My attention to the pictures is primarily as a documentation mechanism so that I can review it when I put it all back together. 
On the gauge of the metal, it's about 4 mm thick. It's actually an anchor for a 6X6 fencepost. The other piece is a metal mount for decking. I'll try to pickup a gauge or measurement. It's about 3x thicker than the metal used for the cluster.


_Modified by dubCanuck1 at 10:13 AM 12-17-2005_


----------



## RabbitGTDguy (Jul 9, 2002)

*Re: Drive by Wire with TDI/MK2 swap (dubCanuck1)*

Should be galvanized too then







Looks like it'll work well for you...
Joe


----------



## dubCanuck1 (Apr 1, 2005)

*Re: Drive by Wire with TDI/MK2 swap (RabbitGTDguy)*

Yeah. The only problem is cutting the stuff. If you look at the side view of my new cluster, you'll notice there's a bubble on the left side. It required modification of the plate I was fabricating. So I had to cut out some of the centre piece. The Sawz'all did a great job in straight lines, but when I had to start a new direction, the drill bits got chewed and snapped awfully fast. I don't have a pic just yet (I'll have one tonight), but it looks pretty ghetto. I'm not worried about it because I'm doing it for me. 
Just a hint for anyone who tries this with such a gauge metal....Use a small bit to make your pilot holes in series, then graduate to larger bits as you need them. My knuckles are still healing from the drill bit sliding into an adjacent hole.
Total so far=$20 CAD metal plus blood sweat, 4 drill bits, plenty of profanity and 3 hours time= well worth it to me.


----------



## G60ING (Jun 27, 2000)

*Re: Drive by Wire with TDI/MK2 swap (dubCanuck1)*

Does anybody have a pic of the MK3/B4 TDI pedal cluster? Can a MK4 go pedal bolt up to it?


----------



## RabbitGTDguy (Jul 9, 2002)

*Re: Drive by Wire with TDI/MK2 swap (G60ING)*

I think the B4 pedal cluster for TDI is intergrated...


----------



## G60ING (Jun 27, 2000)

*Re: Drive by Wire with TDI/MK2 swap (RabbitGTDguy)*

The Mk4 cluster has a nice platform bracket that the pedal bolts to. (I'll get some pics of of the MK4 pedal cluster) I was wondering what the B4/Mk3 TDI pedal cluster looks like since it is what I need to replicate.


----------



## MrDave (Jul 26, 2002)

*Re: Drive by Wire with TDI/MK2 swap (dubCanuck1)*

And what I'm supprised you haven't mentioned yet, Keith, is that you're also switching to a hydraulic clutch, hence the whole pedal cluster swap.
My DBW pedal install took less than an hour, and 1/2 of that was waiting for the paint to dry.
Part 7: Drive By Wire
-Dave


----------



## RabbitGTDguy (Jul 9, 2002)

*Re: Drive by Wire with TDI/MK2 swap (MrDave)*

Here....how lucky is that...there is one up on ebay...if this is legit...
http://cgi.ebay.com/ebaymotors...ZWD1V








I can see the potentiometer I believe there... it is integral on this setup...
Question is... would the pedal work with your later model injection pump as there was a pin out difference between the early and late TDI pumps.

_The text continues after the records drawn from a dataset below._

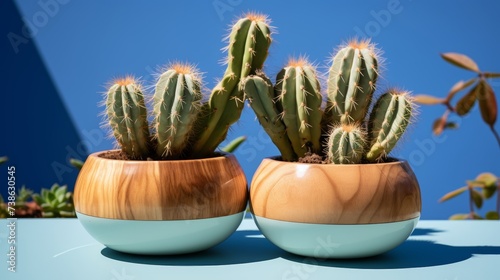 Cacti in wooden pots on a blue background. A wild, unpretentious plant from the desert.
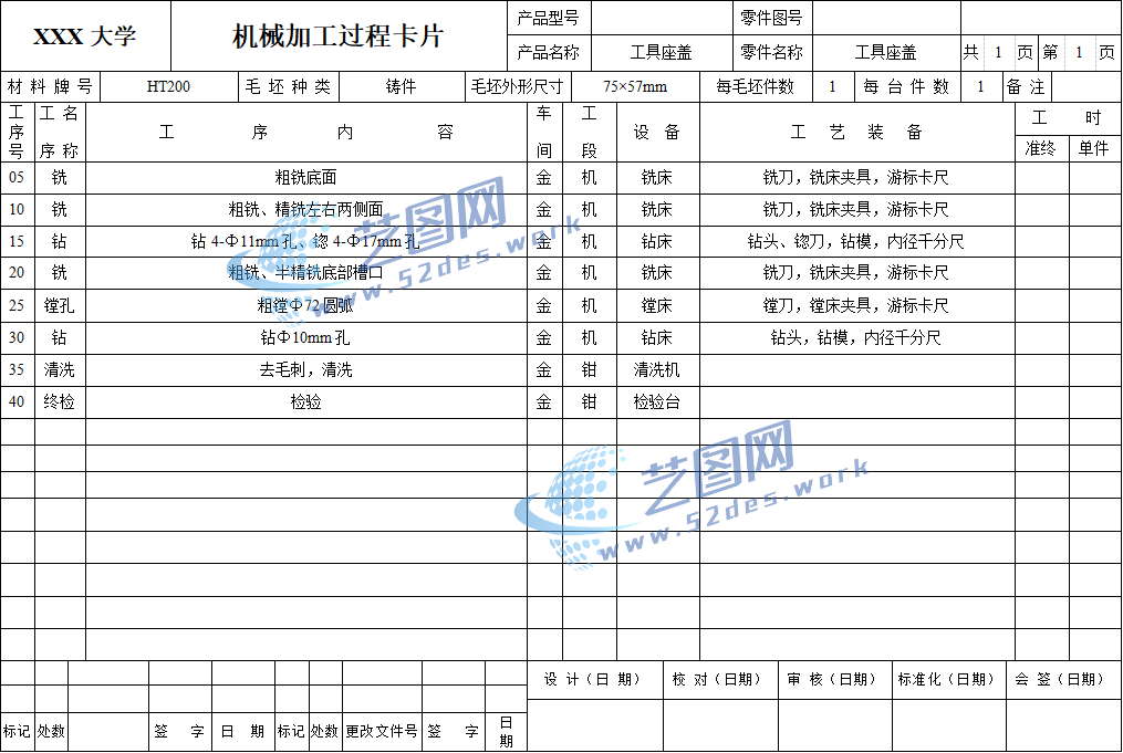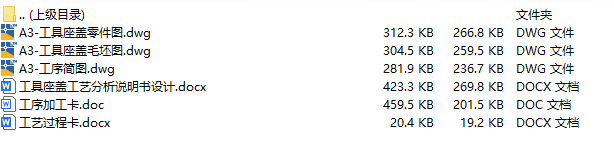 文件内容:CAD图纸、工艺卡、工序卡、设计说明书、工序卡用图工具座盖CAD零件图 工具座盖CAD毛坯图 机械加工工艺卡 机械加工工序卡 工具座盖设计说明书目录 工具座盖设计说明书内容
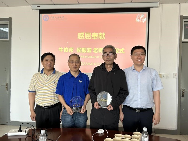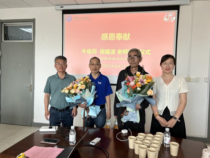 6月21日,材料科学与加工系在工科E512隆重为牛俊邦和侯振波两位老教师举行“感恩奉献”退休欢送会,系全体教师参加,学院党委书记门小刚、党委副书记孙启龙受邀参加。
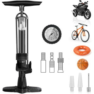 【気圧ゲージ付き空気入れ】気圧ゲージ付きなので、空気圧を確認しながら空気入れが可能です。仏式/英式/米式 バルブ対応 【使用シーン様々】アタッチメント付きなので自転車タイヤはもちろん、サッカーやバレーボール...

I'm sure its subtle though, the DBW setup is only a simple electronic setup








Joe


----------



## dubCanuck1 (Apr 1, 2005)

*Re: Drive by Wire with TDI/MK2 swap (MrDave)*


_Quote, originally posted by *MrDave* »_And what I'm supprised you haven't mentioned yet, Keith, is that you're also switching to a hydraulic clutch, hence the whole pedal cluster swap.
My DBW pedal install took less than an hour, and 1/2 of that was waiting for the paint to dry.
Part 7: Drive By Wire
-Dave

Yeah, but I don't want the "fat foot" adjustment you have.


----------



## G60ING (Jun 27, 2000)

*Re: Drive by Wire with TDI/MK2 swap (RabbitGTDguy)*

good find. it looks like I could not just bolt on my pedal and go. I think I'll just make a few brackets that will work. and save the $120 for parts like a turbo inlet pipe and other odds and ends.


----------



## RabbitGTDguy (Jul 9, 2002)

*Re: Drive by Wire with TDI/MK2 swap (G60ING)*

i hear that... that price was high to me too... and for what you can do to modify and make existing parts work...its not worth it for that at that price IMO... 80 bucks...maybe








Joe


----------



## G60ING (Jun 27, 2000)

*Re: Drive by Wire with TDI/MK2 swap (RabbitGTDguy)*

but he did have a good pic of the turbo inlet pipe that I need:


----------



## G60ING (Jun 27, 2000)

*Re: Drive by Wire with TDI/MK2 swap (G60ING)*

Well the wife had the camera out in the car so here is a phone pic:









The mk4 pedal cluster is very different from the Corrado, Mk2, and Mk3. the cluster is module and the clutch is a separate entity. the area where the cluster bolts is molded completly different then the earlier style cars. I'll get some pics this weekend to display this a little better. I think that a custom bracket is the only cost effective way to go.


----------



## dubCanuck1 (Apr 1, 2005)

*Re: Drive by Wire with TDI/MK2 swap (G60ING)*

Yeah. VR6GTI'00' used the MKIV pedals and carved out the bracket so it could fit into the stock pedal cluster, then redrilled the MC holes because he was using the donor's one. Have a look if that's the way you want to go.
He also proved that the front mount from a MKII can be used on the MKIV engine/tranny. It's a good article to read for info on the MKIV swaps. If you look in there, you'll also find the console piece that allows the MKIV tranny sit right on the stock MKII tranny mount. It's from an 02A tranny (Yes MrDave, mad props for helping out with the info). http://****************.com/smile/emthup.gif 
http://forums.vwvortex.com/zerothread?id=808137


----------



## antichristonwheels (Jun 14, 2001)

*Re: Drive by Wire with TDI/MK2 swap (dubCanuck1)*

I'm needing to do the same operation. I have the same parts. Any chance you could turn out an extra bracket?


----------



## dubCanuck1 (Apr 1, 2005)

*Re: Drive by Wire with TDI/MK2 swap (antichristonwheels)*

I think if I had time and a welder, I'd have done this a little different. It's a little convoluted to put together. If you're getting two pieces of metal like I did, get the long vertical piece as wide as you can get it. Because mine was only as wide as the DBW pedal, I had to whittle a little out of the bottom of the pedal to get one securing screw in. If the piece had been wider, I could have bolted to either side of the pedal and left the middle for the pedal itself.
Anyways, on to the pics. 
The ghetto-fabulous pedal plates. As you can see, the CNC machine is in for repairs







The big hole in the 90-degree piece is to go around the hump in the wall of the brake pedal bracket and mount flush to the flat part.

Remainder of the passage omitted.